• MATERIAL PROVIDED

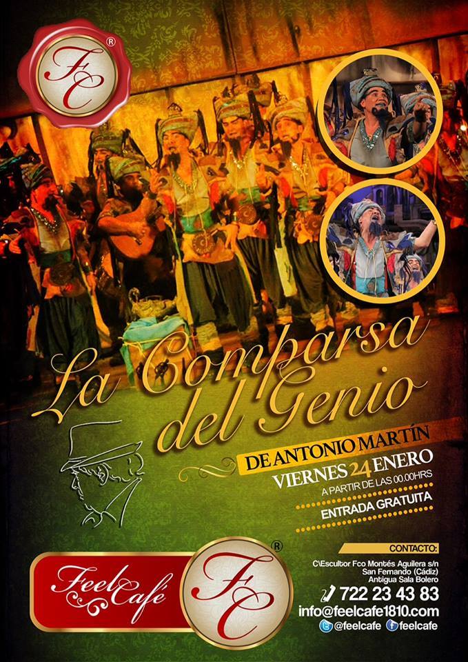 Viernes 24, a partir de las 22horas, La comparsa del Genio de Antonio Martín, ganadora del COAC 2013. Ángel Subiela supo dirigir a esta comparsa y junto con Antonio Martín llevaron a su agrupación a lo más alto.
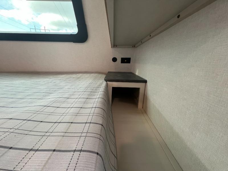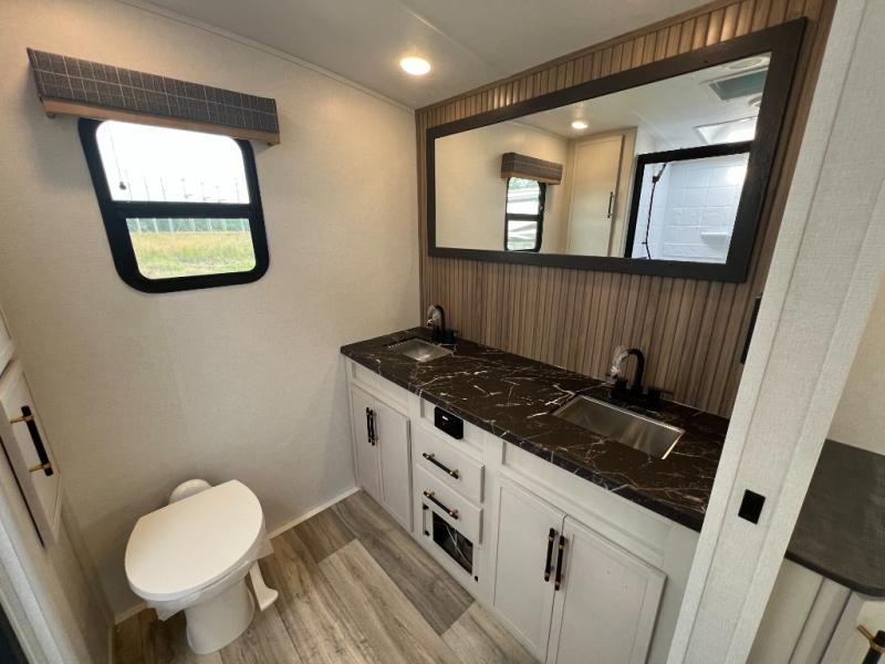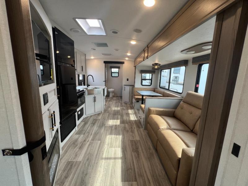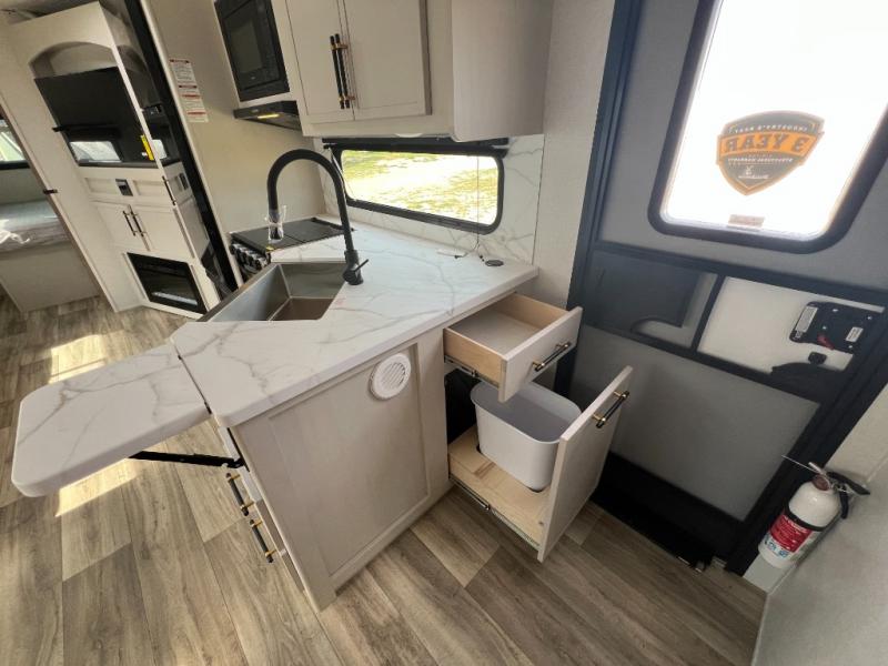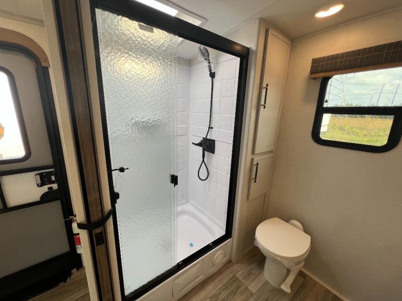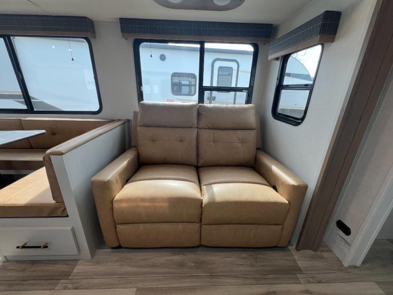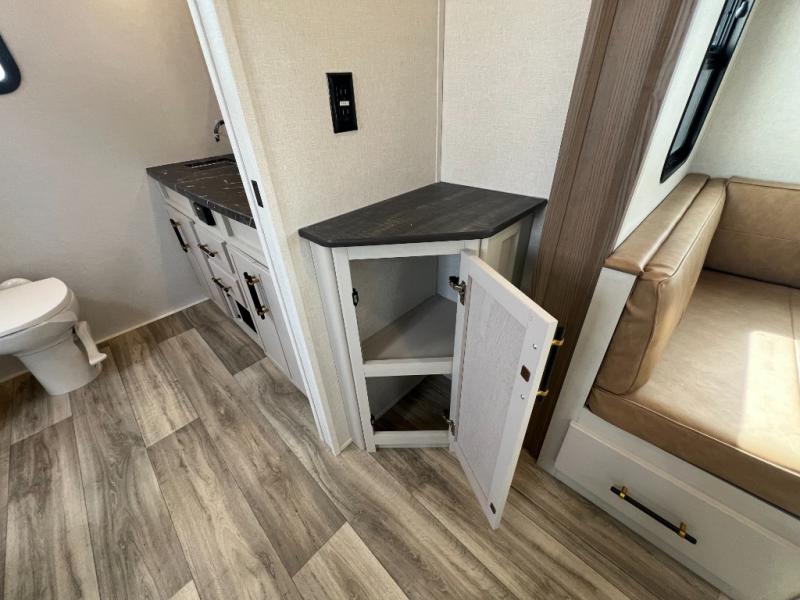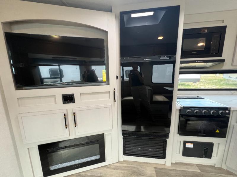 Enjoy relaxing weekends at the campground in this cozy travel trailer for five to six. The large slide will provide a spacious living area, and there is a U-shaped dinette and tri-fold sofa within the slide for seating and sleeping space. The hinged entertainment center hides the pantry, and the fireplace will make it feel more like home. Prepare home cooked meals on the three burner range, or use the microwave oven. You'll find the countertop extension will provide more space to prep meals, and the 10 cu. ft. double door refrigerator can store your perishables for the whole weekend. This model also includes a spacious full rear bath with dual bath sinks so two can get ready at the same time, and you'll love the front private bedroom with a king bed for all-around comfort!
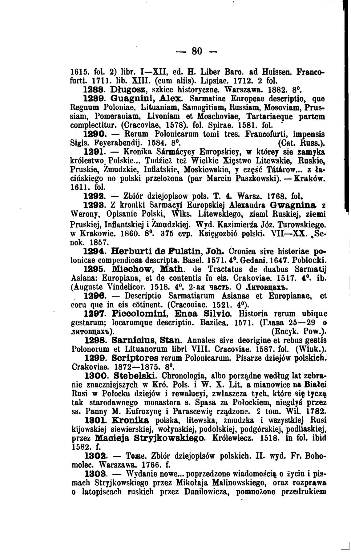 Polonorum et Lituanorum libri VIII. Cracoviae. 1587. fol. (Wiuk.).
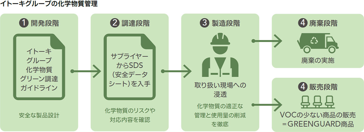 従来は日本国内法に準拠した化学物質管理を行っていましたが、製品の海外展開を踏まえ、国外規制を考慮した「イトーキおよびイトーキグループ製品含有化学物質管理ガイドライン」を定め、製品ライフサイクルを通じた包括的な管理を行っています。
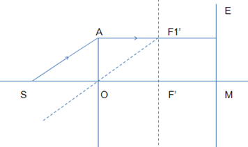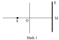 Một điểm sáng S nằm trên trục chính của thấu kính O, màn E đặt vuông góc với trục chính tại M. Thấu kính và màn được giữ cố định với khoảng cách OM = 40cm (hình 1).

• DESCRIPTION OF THE TASK
Return each entry exactly as it stands above, apart from any images.

• SOLUTION TO THE EXERCISE
 Viernes 24, a partir de las 22horas, La comparsa del Genio de Antonio Martín, ganadora del COAC 2013. Ángel Subiela supo dirigir a esta comparsa y junto con Antonio Martín llevaron a su agrupación a lo más alto.
 Enjoy relaxing weekends at the campground in this cozy travel trailer for five to six. The large slide will provide a spacious living area, and there is a U-shaped dinette and tri-fold sofa within the slide for seating and sleeping space. The hinged entertainment center hides the pantry, and the fireplace will make it feel more like home. Prepare home cooked meals on the three burner range, or use the microwave oven. You'll find the countertop extension will provide more space to prep meals, and the 10 cu. ft. double door refrigerator can store your perishables for the whole weekend. This model also includes a spacious full rear bath with dual bath sinks so two can get ready at the same time, and you'll love the front private bedroom with a king bed for all-around comfort!
 Polonorum et Lituanorum libri VIII. Cracoviae. 1587. fol. (Wiuk.).
 従来は日本国内法に準拠した化学物質管理を行っていましたが、製品の海外展開を踏まえ、国外規制を考慮した「イトーキおよびイトーキグループ製品含有化学物質管理ガイドライン」を定め、製品ライフサイクルを通じた包括的な管理を行っています。
 Một điểm sáng S nằm trên trục chính của thấu kính O, màn E đặt vuông góc với trục chính tại M. Thấu kính và màn được giữ cố định với khoảng cách OM = 40cm (hình 1).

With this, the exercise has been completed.